AIM OF THE EXERCISE
Output the full listing exactly as written, with no pictures in it.

MATERIAL PROVIDED
▬▬▬▬▬▬

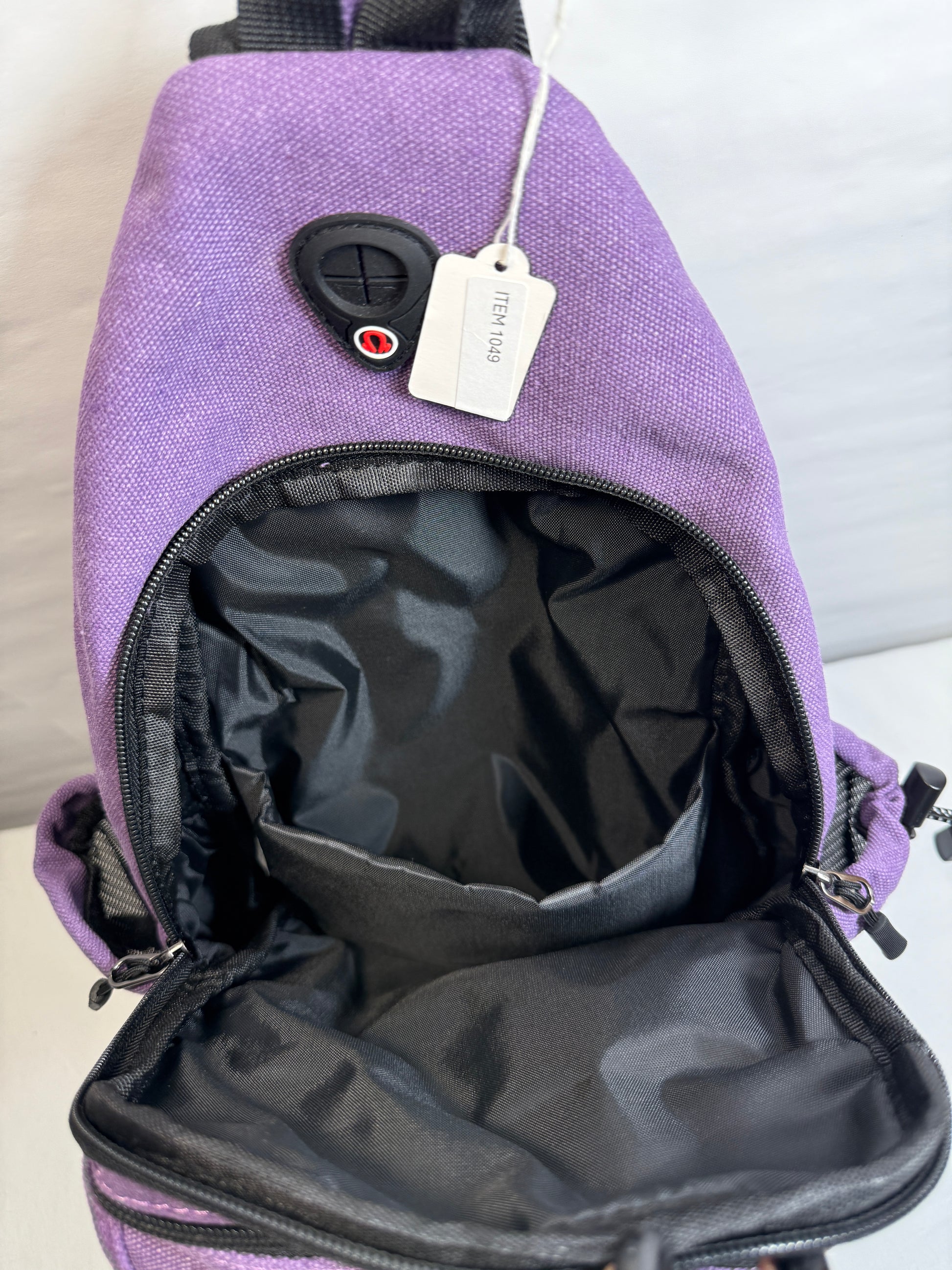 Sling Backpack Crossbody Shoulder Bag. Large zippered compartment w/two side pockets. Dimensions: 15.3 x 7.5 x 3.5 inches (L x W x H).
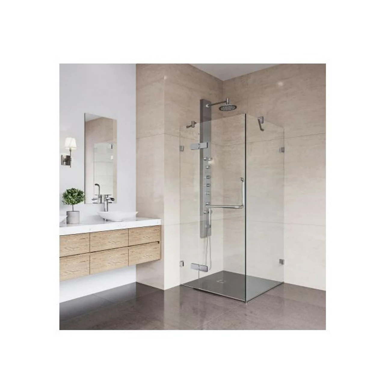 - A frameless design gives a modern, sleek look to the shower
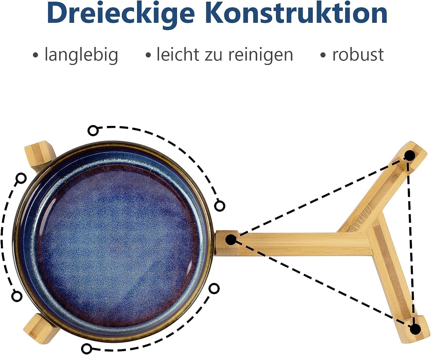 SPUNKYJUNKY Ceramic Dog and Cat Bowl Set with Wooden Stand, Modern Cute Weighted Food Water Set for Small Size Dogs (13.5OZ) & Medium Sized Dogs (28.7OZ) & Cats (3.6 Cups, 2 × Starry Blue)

▬▬▬▬▬▬

WRITTEN REPLY
 Sling Backpack Crossbody Shoulder Bag. Large zippered compartment w/two side pockets. Dimensions: 15.3 x 7.5 x 3.5 inches (L x W x H).
 - A frameless design gives a modern, sleek look to the shower
 SPUNKYJUNKY Ceramic Dog and Cat Bowl Set with Wooden Stand, Modern Cute Weighted Food Water Set for Small Size Dogs (13.5OZ) & Medium Sized Dogs (28.7OZ) & Cats (3.6 Cups, 2 × Starry Blue)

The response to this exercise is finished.